▶ **Supplied data**
=== Begin Enclosure ===
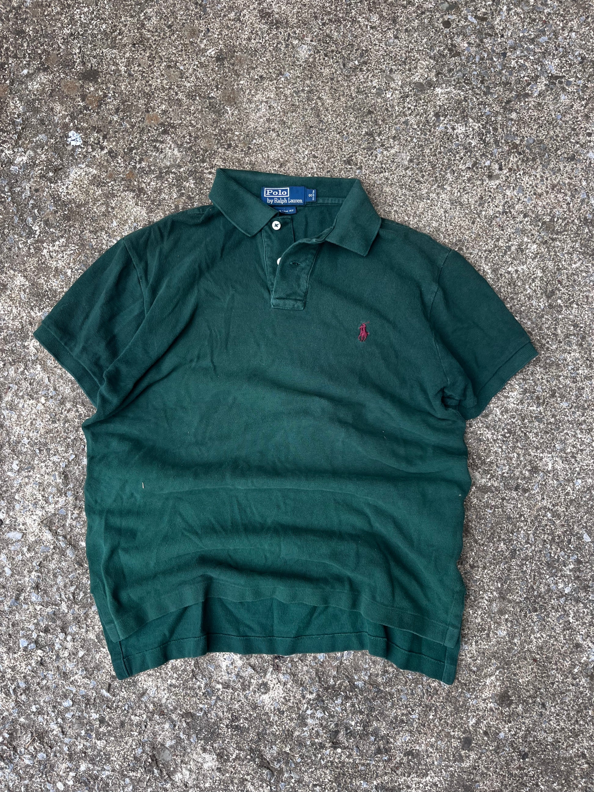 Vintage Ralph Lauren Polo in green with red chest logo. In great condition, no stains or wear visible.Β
=== End Enclosure ===
=== Begin Enclosure ===
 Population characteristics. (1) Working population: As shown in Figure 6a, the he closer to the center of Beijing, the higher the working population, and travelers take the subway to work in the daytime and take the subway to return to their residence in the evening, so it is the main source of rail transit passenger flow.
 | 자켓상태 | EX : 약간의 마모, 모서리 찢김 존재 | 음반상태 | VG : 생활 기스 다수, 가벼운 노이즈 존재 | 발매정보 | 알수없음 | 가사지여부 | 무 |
=== End Enclosure ===
=== Begin Enclosure ===
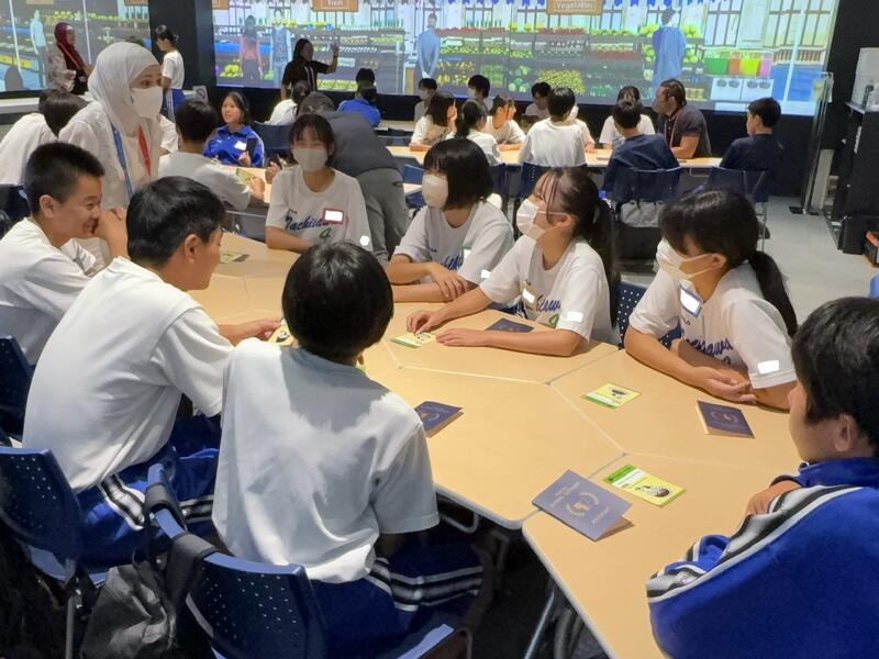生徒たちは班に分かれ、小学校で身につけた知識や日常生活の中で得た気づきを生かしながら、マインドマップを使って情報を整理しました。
=== End Enclosure ===
▶ **Work instruction**
In the data above, find the line with "Population characteristics. (1)" and the line with "가사지여부 | 무 |". Retype both, plus every line between them, exactly.

▶ **Exercise output**
 Population characteristics. (1) Working population: As shown in Figure 6a, the he closer to the center of Beijing, the higher the working population, and travelers take the subway to work in the daytime and take the subway to return to their residence in the evening, so it is the main source of rail transit passenger flow.
 | 자켓상태 | EX : 약간의 마모, 모서리 찢김 존재 | 음반상태 | VG : 생활 기스 다수, 가벼운 노이즈 존재 | 발매정보 | 알수없음 | 가사지여부 | 무 |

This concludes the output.